▶ Problem: In the entries below, begin at the line with "Peterson vīriešu soma" and stop after the line with "#日向坂で会いましょう 9年目で下積み中? 店のチョイス"; output those lines exactly and omit the pictures.

** Opening Listed records block **

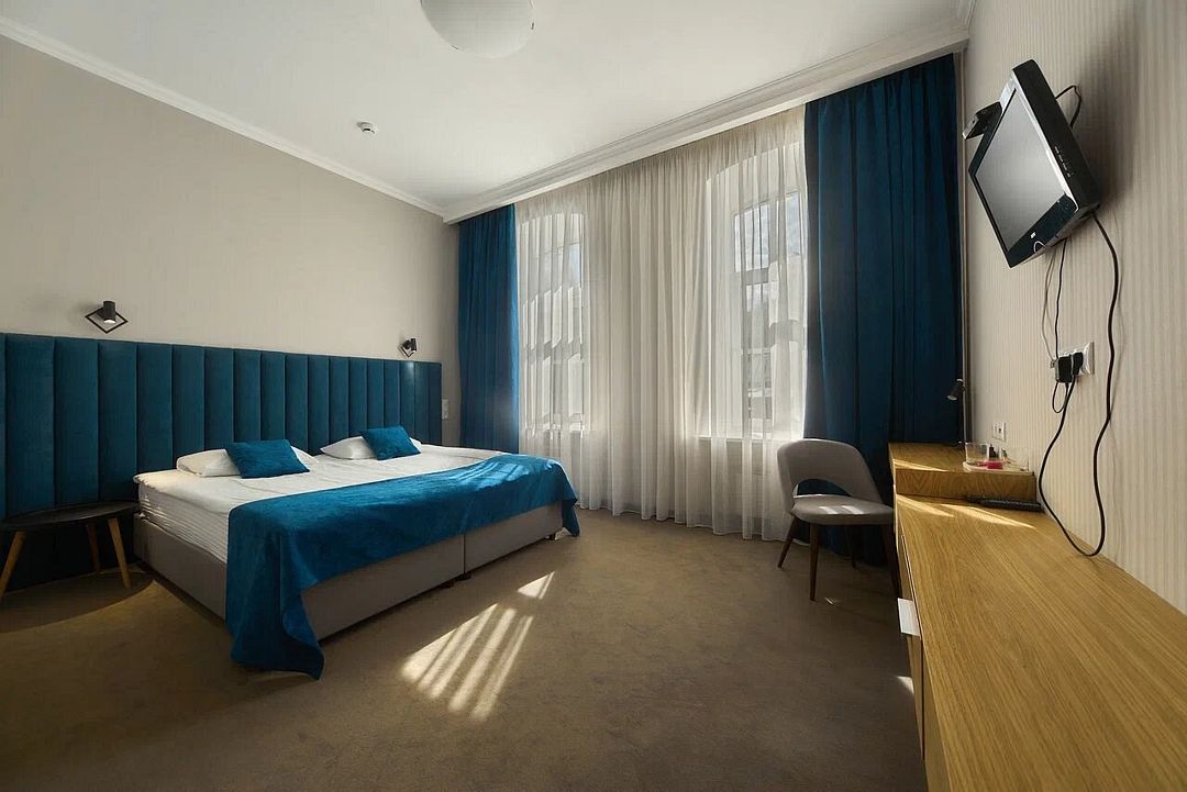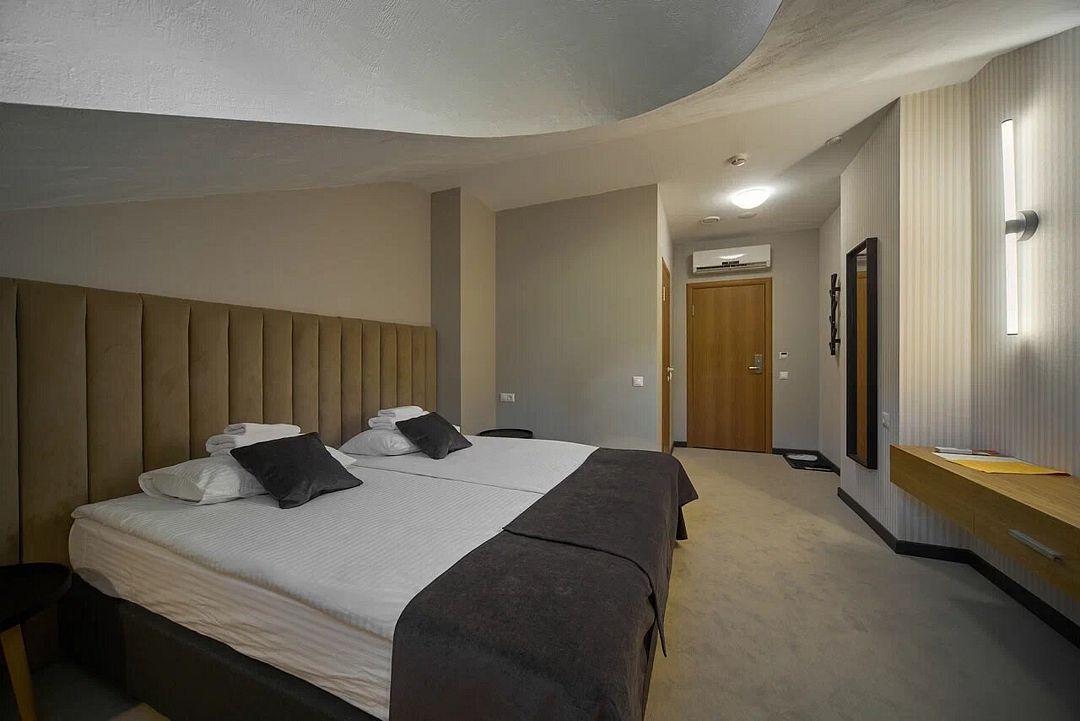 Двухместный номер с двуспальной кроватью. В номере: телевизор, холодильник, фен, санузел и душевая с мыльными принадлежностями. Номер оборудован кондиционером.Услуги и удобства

** Closing Listed records block **
** Opening Listed records block **

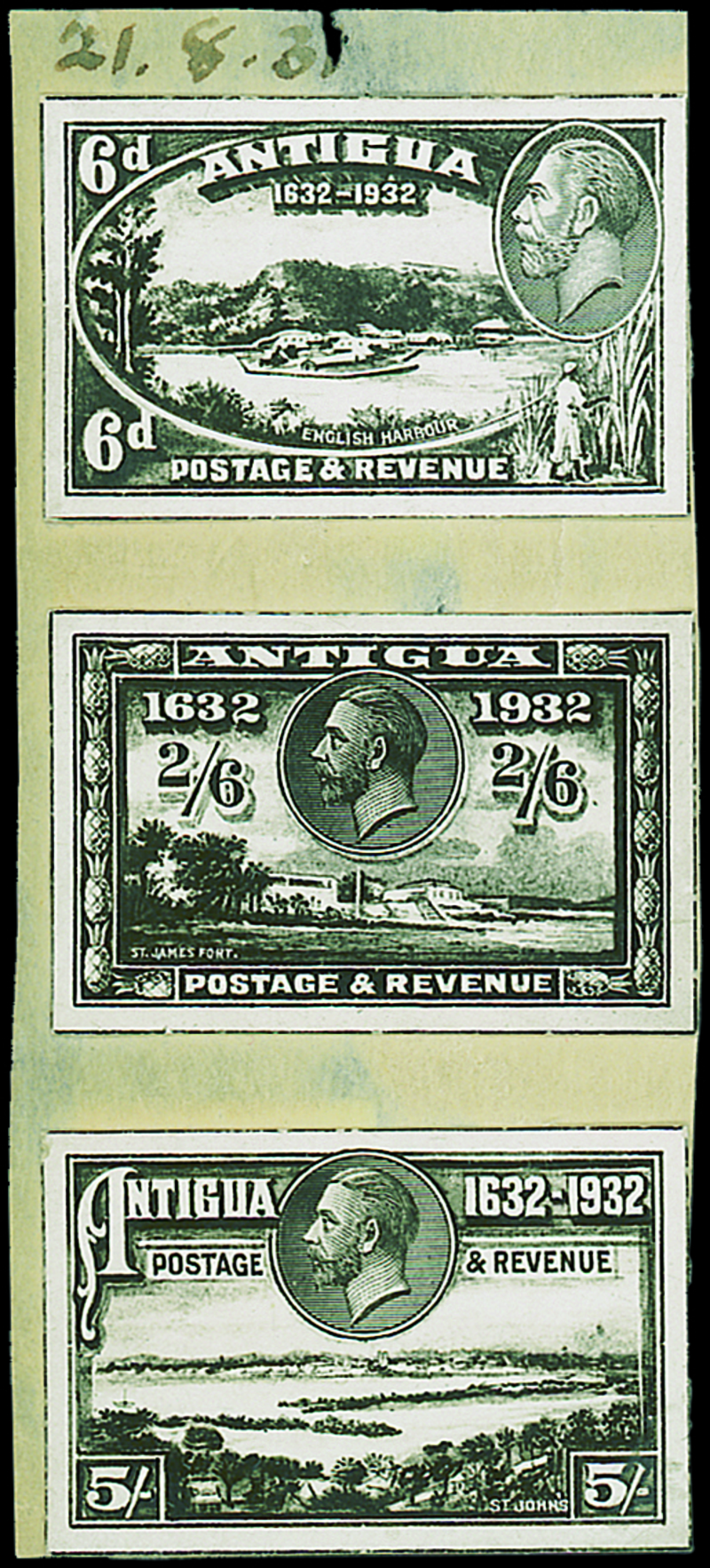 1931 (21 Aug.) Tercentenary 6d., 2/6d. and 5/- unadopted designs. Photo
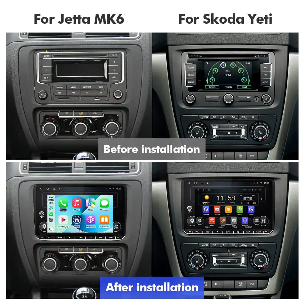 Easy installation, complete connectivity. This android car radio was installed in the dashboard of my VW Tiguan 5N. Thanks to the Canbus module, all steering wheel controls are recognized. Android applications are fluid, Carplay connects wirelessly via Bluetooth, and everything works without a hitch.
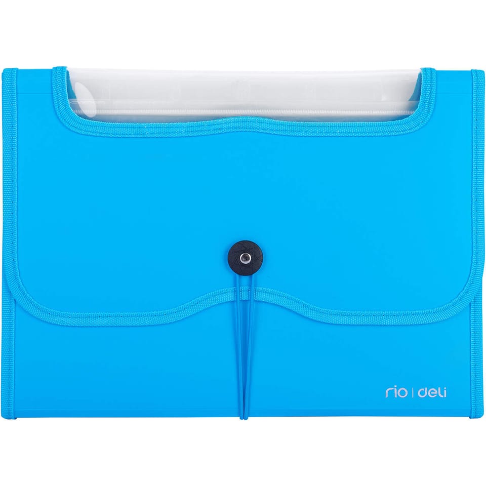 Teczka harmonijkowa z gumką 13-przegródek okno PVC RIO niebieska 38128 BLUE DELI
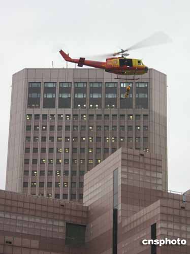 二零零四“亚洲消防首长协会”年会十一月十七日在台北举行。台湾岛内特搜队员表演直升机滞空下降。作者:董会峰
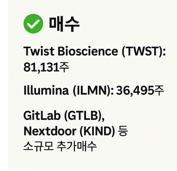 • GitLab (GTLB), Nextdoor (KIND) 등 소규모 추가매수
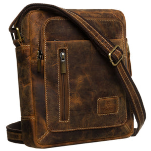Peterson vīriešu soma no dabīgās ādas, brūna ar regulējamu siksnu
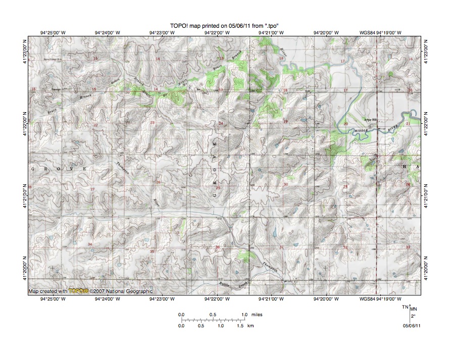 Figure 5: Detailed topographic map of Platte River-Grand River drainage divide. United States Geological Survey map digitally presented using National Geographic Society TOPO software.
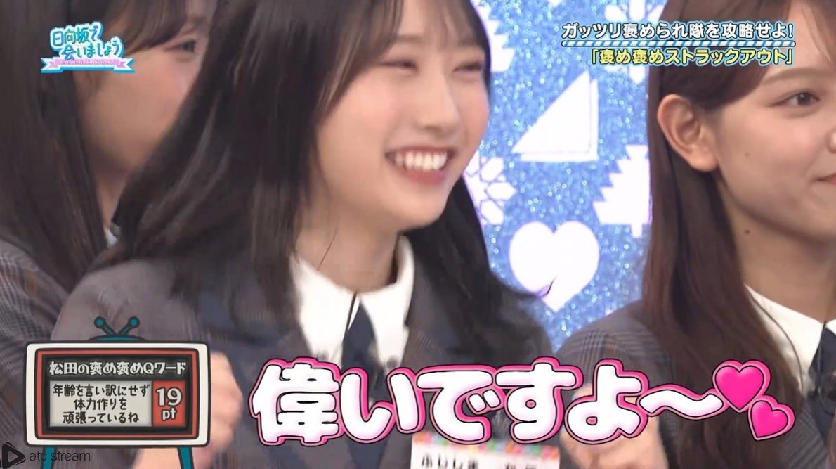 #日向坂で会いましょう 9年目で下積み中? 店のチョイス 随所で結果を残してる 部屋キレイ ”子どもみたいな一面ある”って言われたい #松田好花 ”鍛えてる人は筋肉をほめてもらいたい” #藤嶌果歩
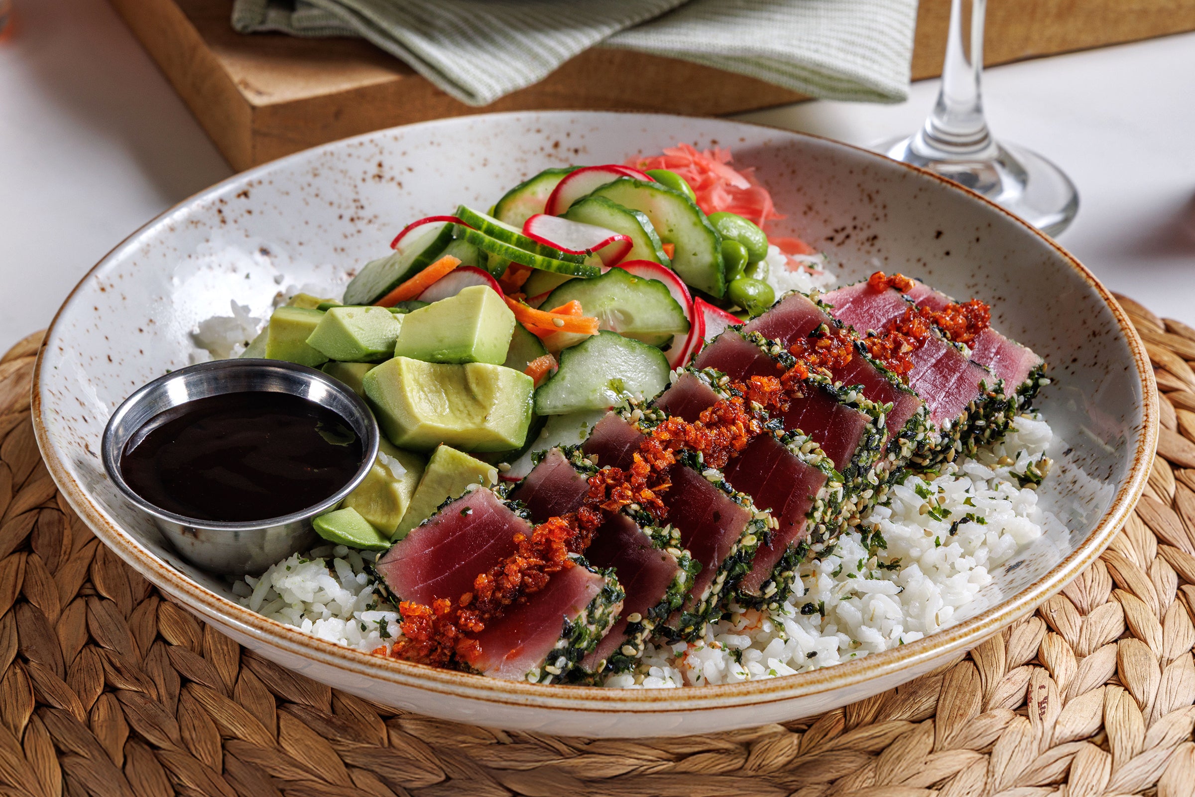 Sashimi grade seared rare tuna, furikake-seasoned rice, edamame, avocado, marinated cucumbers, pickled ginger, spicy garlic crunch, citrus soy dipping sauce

** Closing Listed records block **
** Opening Listed records block **

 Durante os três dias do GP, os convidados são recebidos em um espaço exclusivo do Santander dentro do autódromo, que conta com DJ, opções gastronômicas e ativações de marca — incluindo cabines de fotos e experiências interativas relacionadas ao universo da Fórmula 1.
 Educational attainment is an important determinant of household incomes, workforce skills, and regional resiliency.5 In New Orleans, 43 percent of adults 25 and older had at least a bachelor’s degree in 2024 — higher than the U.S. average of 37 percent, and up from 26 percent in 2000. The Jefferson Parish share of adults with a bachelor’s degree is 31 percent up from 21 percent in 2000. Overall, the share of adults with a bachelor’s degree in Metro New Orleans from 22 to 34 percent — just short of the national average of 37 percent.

** Closing Listed records block **

▶ The completed task:
Peterson vīriešu soma no dabīgās ādas, brūna ar regulējamu siksnu
 Figure 5: Detailed topographic map of Platte River-Grand River drainage divide. United States Geological Survey map digitally presented using National Geographic Society TOPO software.
 #日向坂で会いましょう 9年目で下積み中? 店のチョイス 随所で結果を残してる 部屋キレイ ”子どもみたいな一面ある”って言われたい #松田好花 ”鍛えてる人は筋肉をほめてもらいたい” #藤嶌果歩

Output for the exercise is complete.